MATERIAL FOR THE TASK →
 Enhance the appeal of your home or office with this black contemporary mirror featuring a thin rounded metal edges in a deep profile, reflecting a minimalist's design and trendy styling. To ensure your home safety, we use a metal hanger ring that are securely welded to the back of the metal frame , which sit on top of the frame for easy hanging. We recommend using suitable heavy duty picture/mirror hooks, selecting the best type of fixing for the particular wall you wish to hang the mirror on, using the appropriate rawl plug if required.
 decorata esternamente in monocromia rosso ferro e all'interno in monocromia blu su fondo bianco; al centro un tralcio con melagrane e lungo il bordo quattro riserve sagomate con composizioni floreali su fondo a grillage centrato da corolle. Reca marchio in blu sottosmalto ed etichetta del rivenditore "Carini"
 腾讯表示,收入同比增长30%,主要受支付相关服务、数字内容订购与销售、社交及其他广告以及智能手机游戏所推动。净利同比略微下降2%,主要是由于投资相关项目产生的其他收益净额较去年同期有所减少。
==
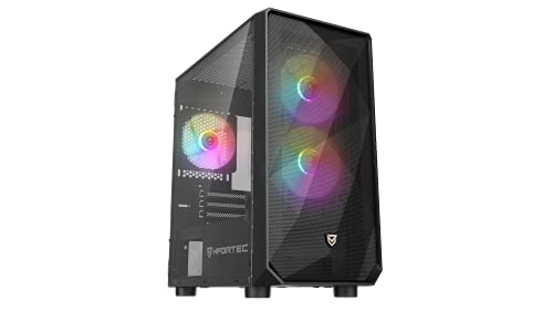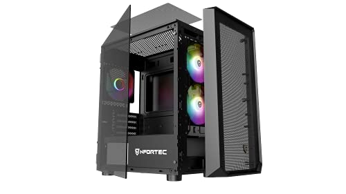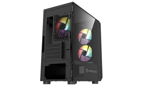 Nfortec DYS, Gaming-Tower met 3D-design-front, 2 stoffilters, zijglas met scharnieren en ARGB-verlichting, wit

EXERCISE →
Nothing but the lines above from the one containing "Enhance the appeal" through the one containing "decorata esternamente in" should appear in the answer, each repeated exactly.

RESPONSE BOX →
 Enhance the appeal of your home or office with this black contemporary mirror featuring a thin rounded metal edges in a deep profile, reflecting a minimalist's design and trendy styling. To ensure your home safety, we use a metal hanger ring that are securely welded to the back of the metal frame , which sit on top of the frame for easy hanging. We recommend using suitable heavy duty picture/mirror hooks, selecting the best type of fixing for the particular wall you wish to hang the mirror on, using the appropriate rawl plug if required.
 decorata esternamente in monocromia rosso ferro e all'interno in monocromia blu su fondo bianco; al centro un tralcio con melagrane e lungo il bordo quattro riserve sagomate con composizioni floreali su fondo a grillage centrato da corolle. Reca marchio in blu sottosmalto ed etichetta del rivenditore "Carini"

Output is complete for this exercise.